■ **WORK INSTRUCTION**
Starting at the line with "- INCREDIBLE ARTISTRY: No" and ending at the line with "为深入学习贯彻党的二十大精神", print exactly the lines of the entries below. Pictures do not belong in the copy.

■ **RECORDS SUPPLIED**
»»
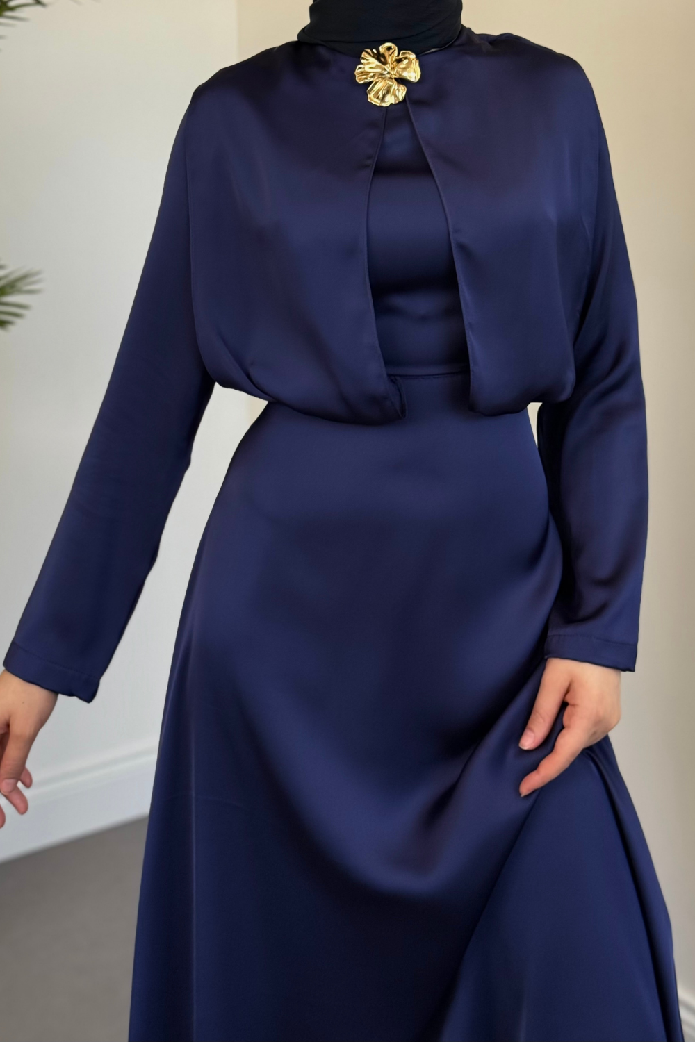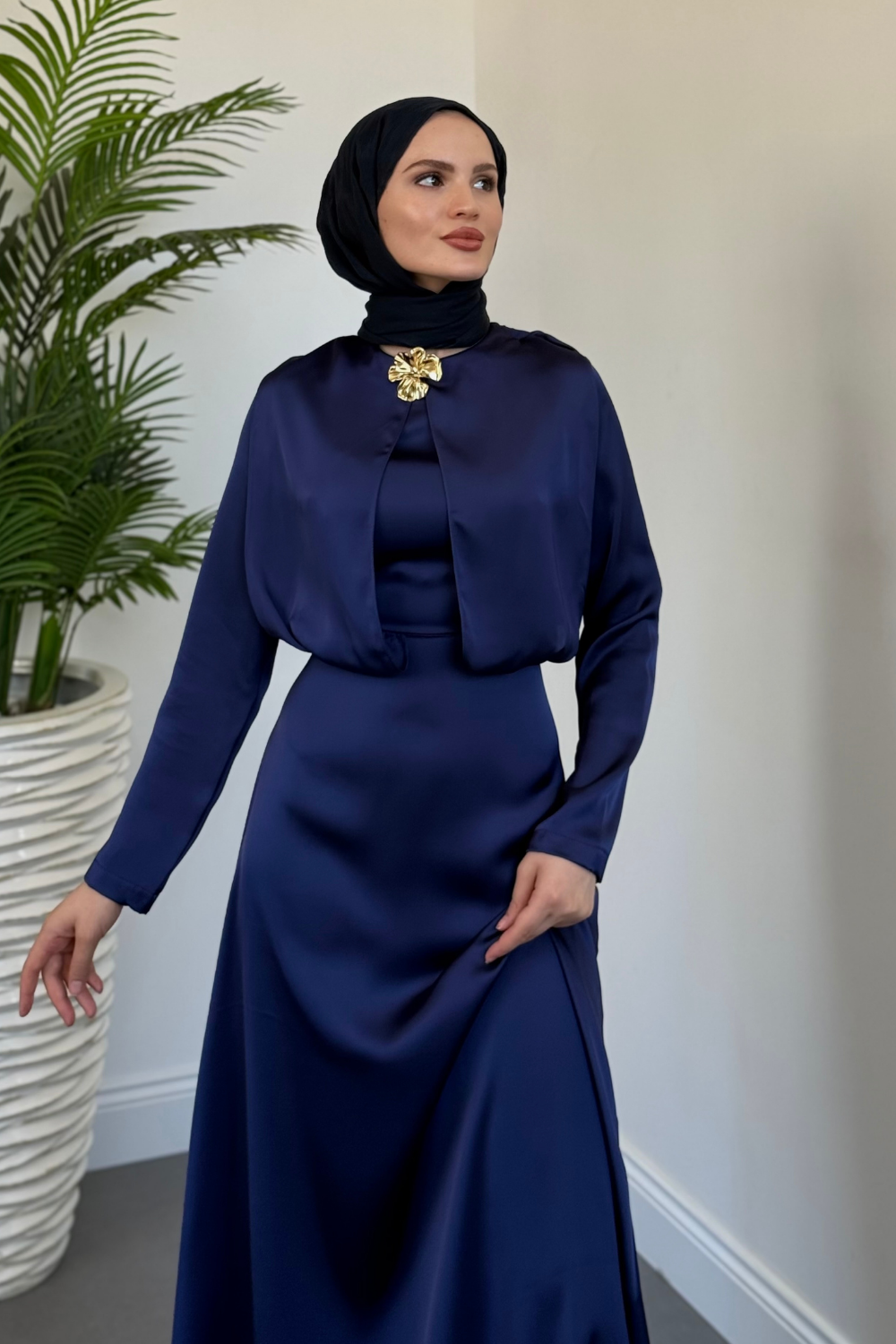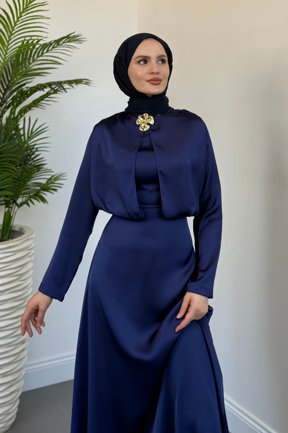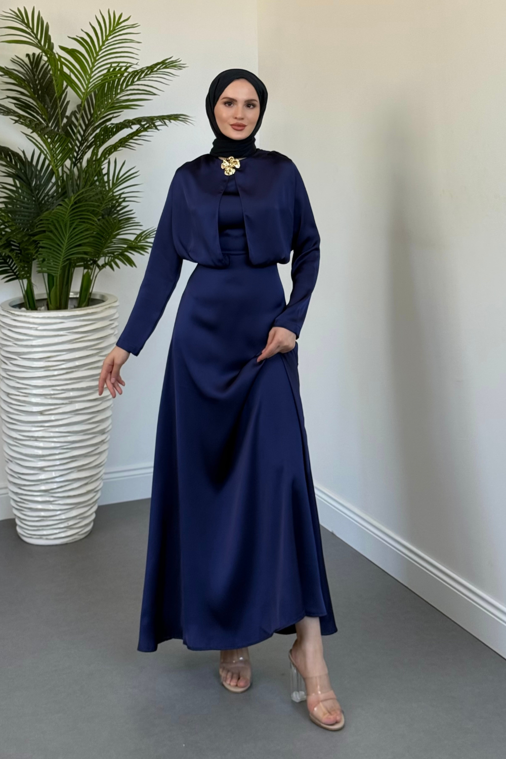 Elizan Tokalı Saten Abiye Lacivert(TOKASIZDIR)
««
»»
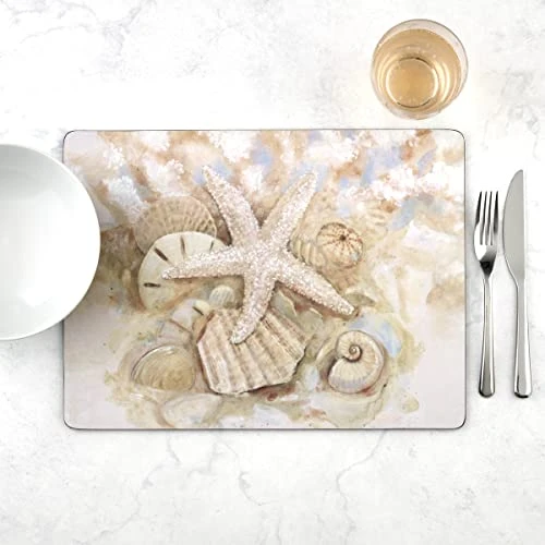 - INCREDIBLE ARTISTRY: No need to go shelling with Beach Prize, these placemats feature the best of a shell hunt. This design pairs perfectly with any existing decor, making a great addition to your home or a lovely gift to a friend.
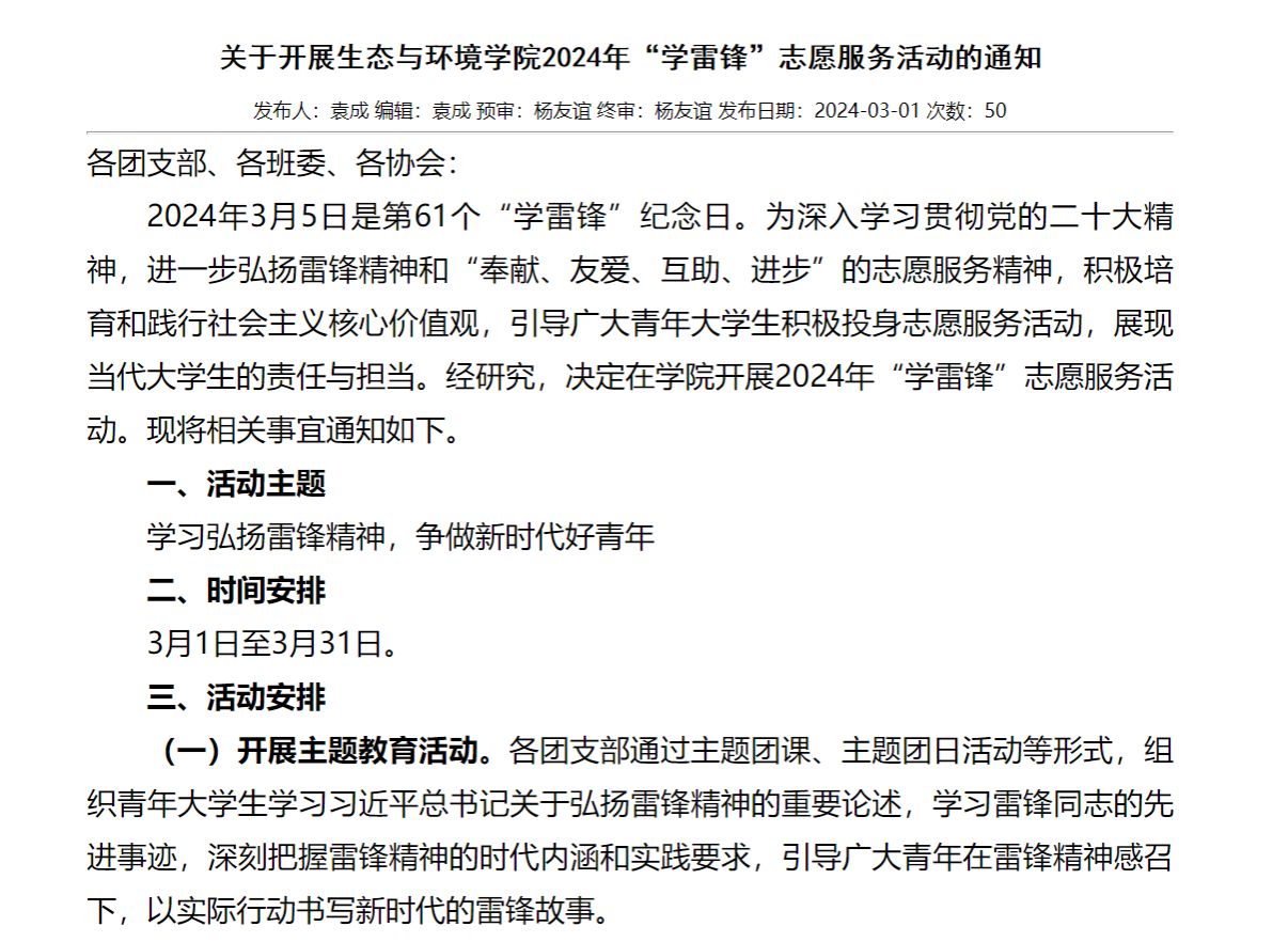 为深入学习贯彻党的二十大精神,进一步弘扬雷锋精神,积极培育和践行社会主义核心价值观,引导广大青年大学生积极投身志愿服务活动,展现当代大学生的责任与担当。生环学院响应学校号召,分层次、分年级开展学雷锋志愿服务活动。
««
■ **ANSWER AREA**
 - INCREDIBLE ARTISTRY: No need to go shelling with Beach Prize, these placemats feature the best of a shell hunt. This design pairs perfectly with any existing decor, making a great addition to your home or a lovely gift to a friend.
 为深入学习贯彻党的二十大精神,进一步弘扬雷锋精神,积极培育和践行社会主义核心价值观,引导广大青年大学生积极投身志愿服务活动,展现当代大学生的责任与担当。生环学院响应学校号召,分层次、分年级开展学雷锋志愿服务活动。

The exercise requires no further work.